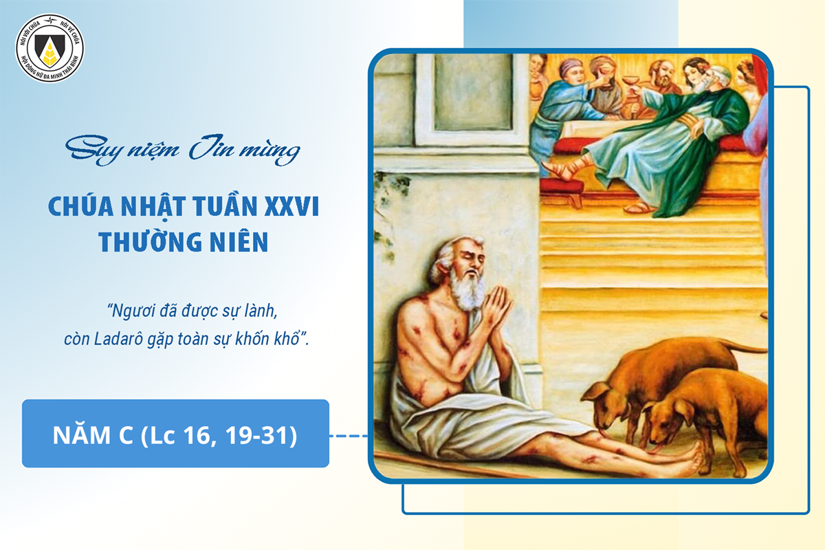 Đoạn Tin Mừng hôm nay thuật lại dụ ngôn người phú hộ giàu sang và anh Ladarô nghèo khó. Người phú hộ ngày ngày mặc gấm vóc, yến tiệc linh đình, trong khi ngay trước cửa nhà ông, Ladarô nghèo khổ, mình đầy ghẻ chốc, chỉ mong được những mẩu bánh rơi từ bàn tiệc nhưng chẳng ai đoái hoài. Khi cả hai qua đời, số phận đổi thay: Ladarô được an ủi trong lòng tổ phụ Abraham, còn người phú hộ phải chịu cực hình trong hỏa ngục.
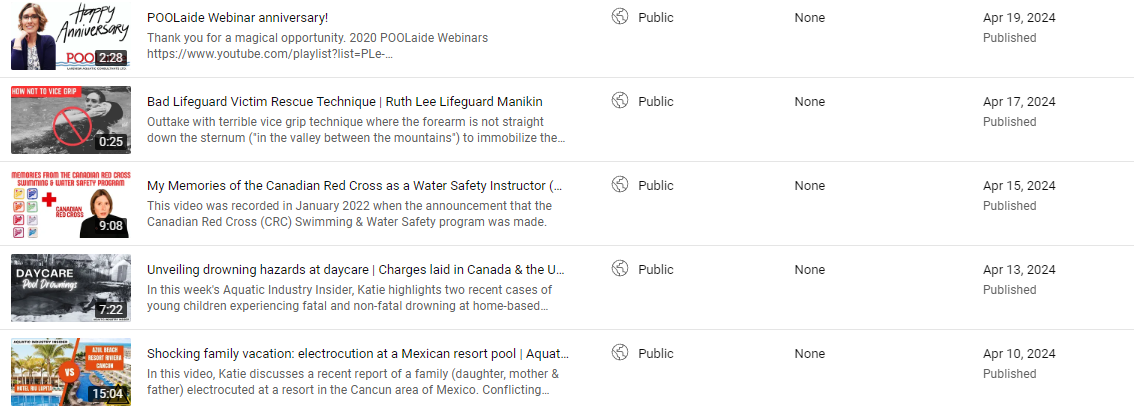 Please consider subscribing to the YouTube channel to receive updates as new videos are released. They are not all under the Aquatic Industry Insider heading, some are interviews; presentations; pool equipment and skill demos as my schedule allows.
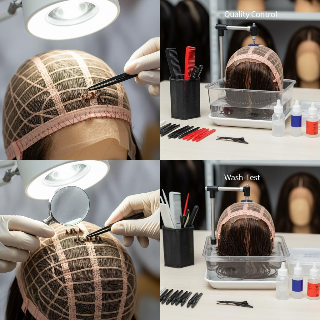 Use a standard receiving routine. Check lace characteristics under neutral light (how it disappears on a mannequin head or skin-tone card), evaluate knot finish consistency, and inspect stitching and cap symmetry. Then do at least one wash-and-comb test per key SKU per batch—because “high quality” should survive normal care.
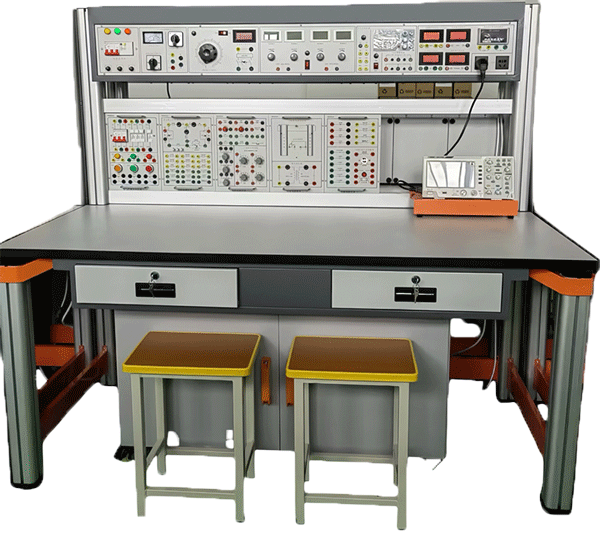 裝置由主機箱、實驗桌、實訓(xùn)掛箱、獨立封裝實訓(xùn)電路模塊、移動矮柜、示波器架、學(xué)生凳等組成。實訓(xùn)裝置支架與實訓(xùn)桌可組合、可拆裝。支架與桌腳一體,鋁合金結(jié)構(gòu),實訓(xùn)掛箱、各實驗?zāi)K可根據(jù)實驗需求自由組合放置。
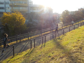 先月から始まった朝練も大詰めを迎え、本日から校庭だけでなく土手を活用した練習が始まりました。
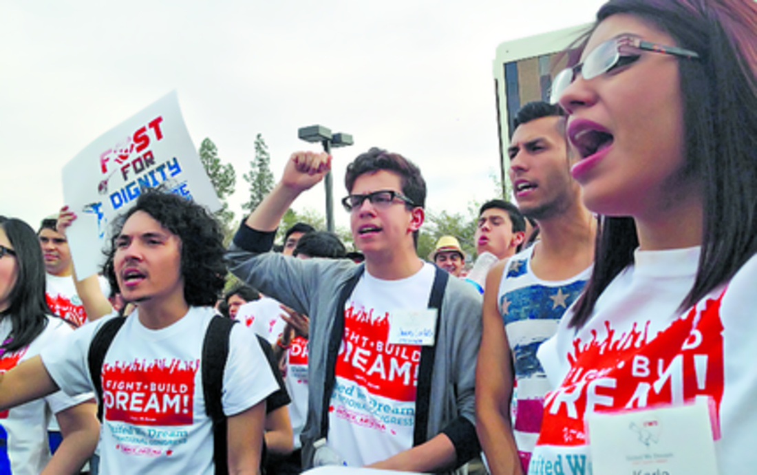Los manifestantes se reunieron en Arizona, un estado en el ojo del huracán del debate migratorio, con motivo del congreso de United We Dream, organización defensora de los dreamers, jóvenes que llegaron a Estados Unidos sin documentos legales.
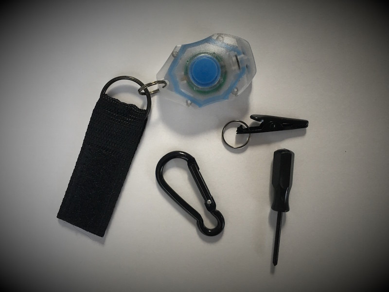 Die beste Lichtausbeute hat man mit zwei CR-2016 Batterien. Davon sind auch gleich zwei im Lieferumfangenthalten. Dazu gibt es noch einen kleinen Schraubenzieher, um das Gehäuse zu öffnen und einen Anhänger (korrosionsfest) mit verschiedenen Befestigungsmöglichkeiten. Man kann die Lampe auch sehr gut mit Klett bekleben und auf die Ausrüstung setzen, da sie so klein und leicht ist – kein Problem.
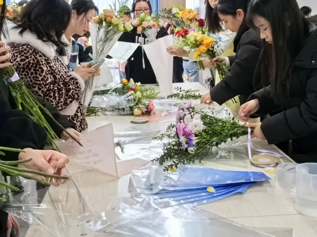 指尖生花處,春意滿人間。大家用自己的巧手修剪枝葉,巧妙的搭配花材,經過一番雕琢,一件件風格多樣、獨具韻味的插花作品漸次成型,或堅韌、或溫婉、或熱情,展現(xiàn)了新時代女性對生活的熱愛、對美的追求?;顒蝇F(xiàn)場花香四溢,歡聲笑語不斷,大家盡情享受著插花藝術帶來的樂趣,感受著春天的氣息和生命的活力。
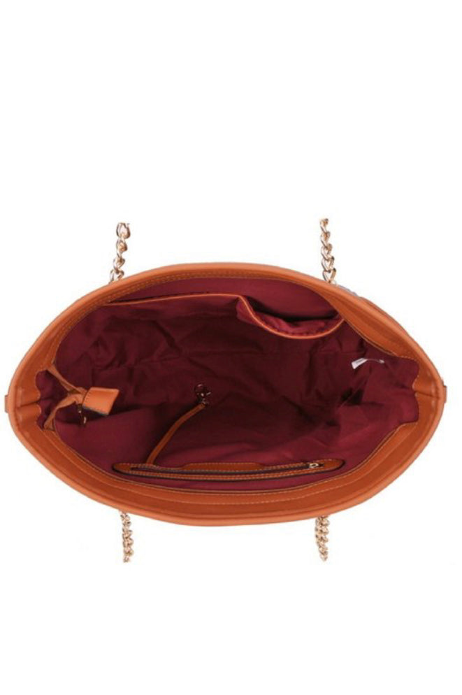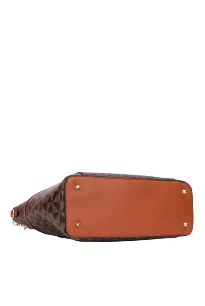 Monogram Print 2-Way Chain Shopper Tote Wallet Set

→ **EXERCISE INSTRUCTIONS**
Copy the records exactly; no image should appear in the result.

→ **FINAL ANSWER**
 Đoạn Tin Mừng hôm nay thuật lại dụ ngôn người phú hộ giàu sang và anh Ladarô nghèo khó. Người phú hộ ngày ngày mặc gấm vóc, yến tiệc linh đình, trong khi ngay trước cửa nhà ông, Ladarô nghèo khổ, mình đầy ghẻ chốc, chỉ mong được những mẩu bánh rơi từ bàn tiệc nhưng chẳng ai đoái hoài. Khi cả hai qua đời, số phận đổi thay: Ladarô được an ủi trong lòng tổ phụ Abraham, còn người phú hộ phải chịu cực hình trong hỏa ngục.
 Please consider subscribing to the YouTube channel to receive updates as new videos are released. They are not all under the Aquatic Industry Insider heading, some are interviews; presentations; pool equipment and skill demos as my schedule allows.
 Use a standard receiving routine. Check lace characteristics under neutral light (how it disappears on a mannequin head or skin-tone card), evaluate knot finish consistency, and inspect stitching and cap symmetry. Then do at least one wash-and-comb test per key SKU per batch—because “high quality” should survive normal care.
 裝置由主機箱、實驗桌、實訓(xùn)掛箱、獨立封裝實訓(xùn)電路模塊、移動矮柜、示波器架、學(xué)生凳等組成。實訓(xùn)裝置支架與實訓(xùn)桌可組合、可拆裝。支架與桌腳一體,鋁合金結(jié)構(gòu),實訓(xùn)掛箱、各實驗?zāi)K可根據(jù)實驗需求自由組合放置。
 先月から始まった朝練も大詰めを迎え、本日から校庭だけでなく土手を活用した練習が始まりました。
Los manifestantes se reunieron en Arizona, un estado en el ojo del huracán del debate migratorio, con motivo del congreso de United We Dream, organización defensora de los dreamers, jóvenes que llegaron a Estados Unidos sin documentos legales.
 Die beste Lichtausbeute hat man mit zwei CR-2016 Batterien. Davon sind auch gleich zwei im Lieferumfangenthalten. Dazu gibt es noch einen kleinen Schraubenzieher, um das Gehäuse zu öffnen und einen Anhänger (korrosionsfest) mit verschiedenen Befestigungsmöglichkeiten. Man kann die Lampe auch sehr gut mit Klett bekleben und auf die Ausrüstung setzen, da sie so klein und leicht ist – kein Problem.
 指尖生花處,春意滿人間。大家用自己的巧手修剪枝葉,巧妙的搭配花材,經過一番雕琢,一件件風格多樣、獨具韻味的插花作品漸次成型,或堅韌、或溫婉、或熱情,展現(xiàn)了新時代女性對生活的熱愛、對美的追求?;顒蝇F(xiàn)場花香四溢,歡聲笑語不斷,大家盡情享受著插花藝術帶來的樂趣,感受著春天的氣息和生命的活力。
 Monogram Print 2-Way Chain Shopper Tote Wallet Set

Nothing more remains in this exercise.